C++ Bit Representation of a Double

Question

My understanding was that doubles are stored based on the IEEE 754-2008 standard in C++, where the first bit is the sign, the following 11 are the exponents and the remaining 52 are the fraction. However, the code below + output shows something else.

Code

#include <bitset>
#include <iostream>

int main() {
    
    double value_float = 1.5;
    uint64_t value_uint = 0;


    std::memcpy(&value_uint, &value_float, 8);
    std::cout << value_uint << std::endl;

    std::bitset<64>doubleBitset(value_uint);
    std::cout << "DoubleBitset for " << value_float << " is: ";
    std::cout << doubleBitset << std::endl;

}

Output: DoubleBitset for 1.5 is: 0011111111111000000000000000000000000000000000000000000000000000

Why isn't the output 0b0 - 00000000001 1000000000000000000000000000000000000000000000000000;

Answer 1

The double stores the exponent biased. This means that essentially it is stored as an unsigned integer and whenever it is used 1023 is subtracted. This will essentially mean that positive numbers will have their first bit set, while 0 will only have that bit unset. A good overview on the standard is the Wiki article.

Back to the question if we calculate the representation manually we get: 1) First bit is 0 since positive. 2) The exponent needs to be 0 so it is set to 0b01111111111 as that represents a 0 exponent. 3) The mantissa will be what you expect, i.e. one bit set at the start then 51 zeros.
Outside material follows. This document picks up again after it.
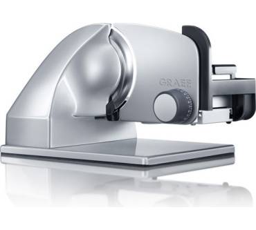 Der Schlitten des Graef weist gleich zwei ungewöhnliche Ausstattungsmerkmale aus. Zum einen nämlich ist an seiner Unterseite die Kindersicherung angebracht, die verhindert, dass sich das Gerät in Betrieb nehmen lässt. Weiterer Vorteil: Zum Schneiden selbst müssen nicht, wie bei vielen Konkurrenzmodellen, bei denen die (Kinder-) Sicherung in einer zusätzlichen Sicherheitstaste besteht, zwei Tasten gleichzeitig gedrückt gehalten werden. In der Praxis kann sich diese Methode nämlich als recht unkomfortabel entpuppen. Beim Graef dagegen muss nur ein Schalter gedrückt werden, der sich – und darin liegt das zweite spezielle Merkmal – direkt am Schlitten befindet. Der Allesschneider lässt sich daher sehr bequem mit einer Hand führen und bedienen, ein Punkt, der schon viele Kunden regelrecht begeistert hat. In puncto Handhabung gehört der Graef mit Sicherheit zu den attraktivsten Modellen am Markt.

Edit: As pointed out in the comments there are some special meaning in the exponent in some cases. If the exponent is 2047 then if all of the mantissa is 0 then it represents Inf or -Inf. If the mantissa is not all 0 if the previous case, then the value is NaN. To represent zero the mantissa must be 0 with exponent 0 as well. I like to think of these as special cases rather than a code, since most of these are conditional on the other parts of the double's representation, but Eric Postpischil's comment is an other way to think about this.